Le « courage est contagieux », aime à répéter Edward Snowden quand il s’exprime sur l’émergence de nouveaux lanceurs d’alerte ou la décision d'(ex-)employés de devenir des informateurs pour la presse. Et du courage, il en a certainement fallu à cet autre employé de la NSA pour dévoiler au cours de l’été les petits secrets technologiques de la célèbre agence de renseignement américaine.
Car en effet, il semble bien qu’un autre « Edward Snowden » soit derrière la fuite qui a touché les services spécialisés dans le renseignement d’origine électromagnétique. De nouveaux indices relayés par New Scientist confortent l’hypothèse d’une fuite interne plutôt que d’un piratage venu de l’extérieur.
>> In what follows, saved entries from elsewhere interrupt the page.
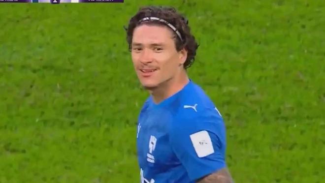 在代表新月在亚冠攻入制胜进球后,努涅斯向看台上的高层送上了凝视,脸上带着饱含深意的微笑,随后自言自语了一句,似乎是在抗议球队将他排除出联赛名单的决定。
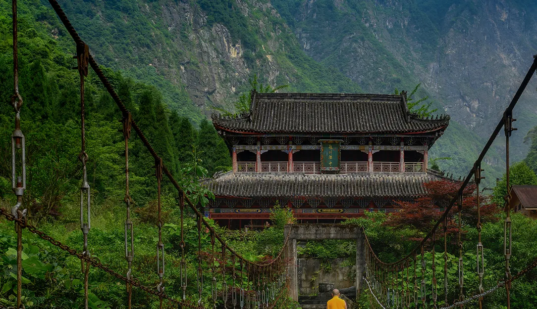 龙门古寺始建于唐代,现存清代重建的大雄宝殿,寺内保存有明代壁画残片;百年牡丹观赏区种植着树龄超百年的 “彭州紫” 等珍稀品种。
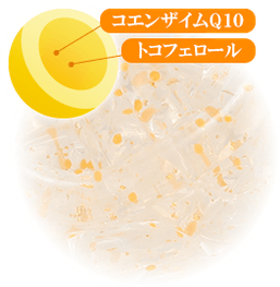 新鮮なビタミン(コエンザイムQ10&トコフェロール)を濃縮して球体に閉じ込める
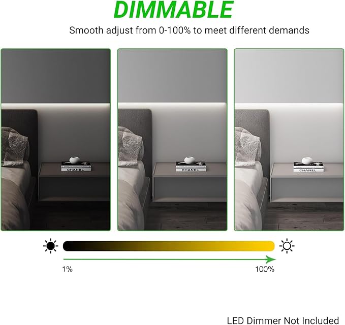 - [ Dimmable & Cuttable ]: Compatible with most PWM, TRIAC, RF, DALI, and smart dimmers (sold separately). Adjust brightness from 0-100% via app, remote, or manual control(depand on the dimmer). Cut every 1.1" (2.8cm) to fit any space
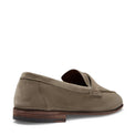 Raffinato mocassino a fascetta realizzato in morbida pelle scamosciata verde muschio. La calzatura è realizzata con la tecnica del cucito e rivoltato, ispirata alla tradizionale lavorazione Goodyear, che prevede la cucitura diretta della tomaia alla suola e il successivo rivoltamento. Il risultato è una suola particolarmente morbida, una calzata estremamente confortevole e una maggiore resistenza nel tempo.
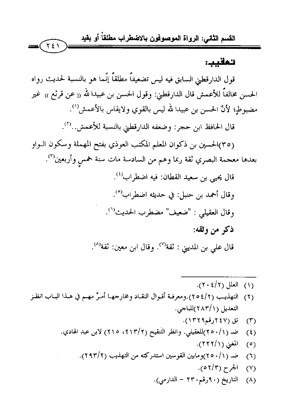 قال الحافظ ابن حجر: وضعفه الدارقطني بالنسبة للأعمش..2.
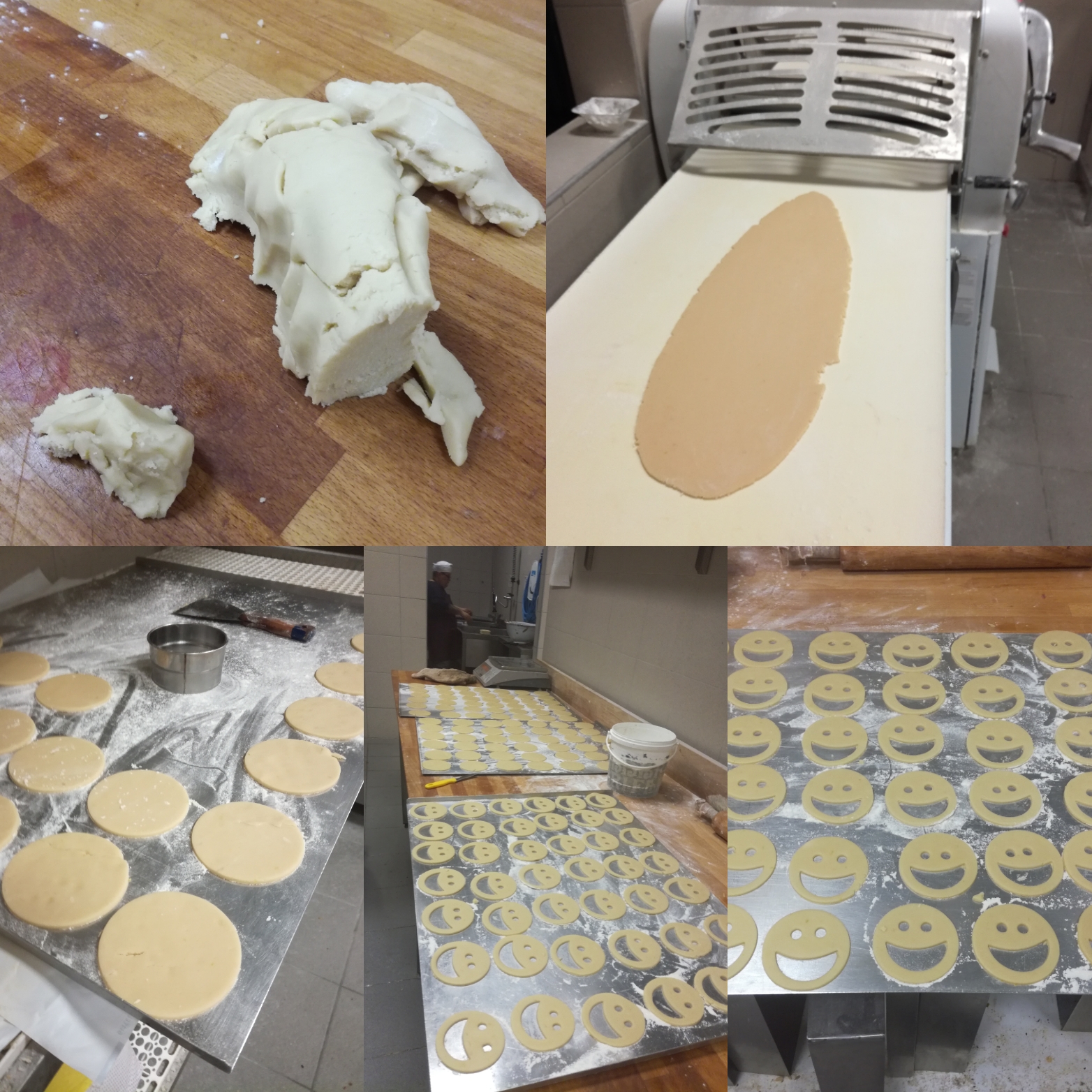 Sit pääsin käyttää kaulauskonetta . Keksejä tekeen..massa oli jo valmiina joten ei tarvinnut kun kaulata,painella muoto ja nostella pellille. Noi Smile keksit on hauskoja

Le journal cite un travail effectué par Shlomo Argamon, de l’institut de technologie de l’Illinois, sur les textes en anglais utilisés par la mystérieuse entité dénommée « The Shadow Broker » — une curieuse référence au jeu vidéo Mass Effect — pour essayer de vendre des outils d’espionnage développés par la NSA. Au cours de l’analyse, des modèles d’erreurs grammaticales sont apparus.
Ces fautes ne sont pas naturelles. D’après l’universitaire, l’auteur de ces textes est une personne dont la langue maternelle est l’anglais mais qui cherche justement à se faire passer pour une personne ayant une maîtrise restreinte de la langue de Shakespeare. Le but ? Couvrir ses arrières et rendre son identification plus difficile, afin de ne pas connaître le même sort qu’Edward Snowden.
La piste de l’employé inspiré par Snowden se renforce
Rappelons que les États-Unis tentent activement de mettre la main sur le célèbre lanceur d’alerte, qui est aujourd’hui réfugié en Russie, pour avoir révélé les activités top-secrètes de la NSA sur Internet, en 2013. De très graves chefs d’accusation pèsent sur l’intéressé, qui pourrait finir ses jours dans une prison, voire sur la chaise électrique, même si les USA ont dit que cette voie était écartée.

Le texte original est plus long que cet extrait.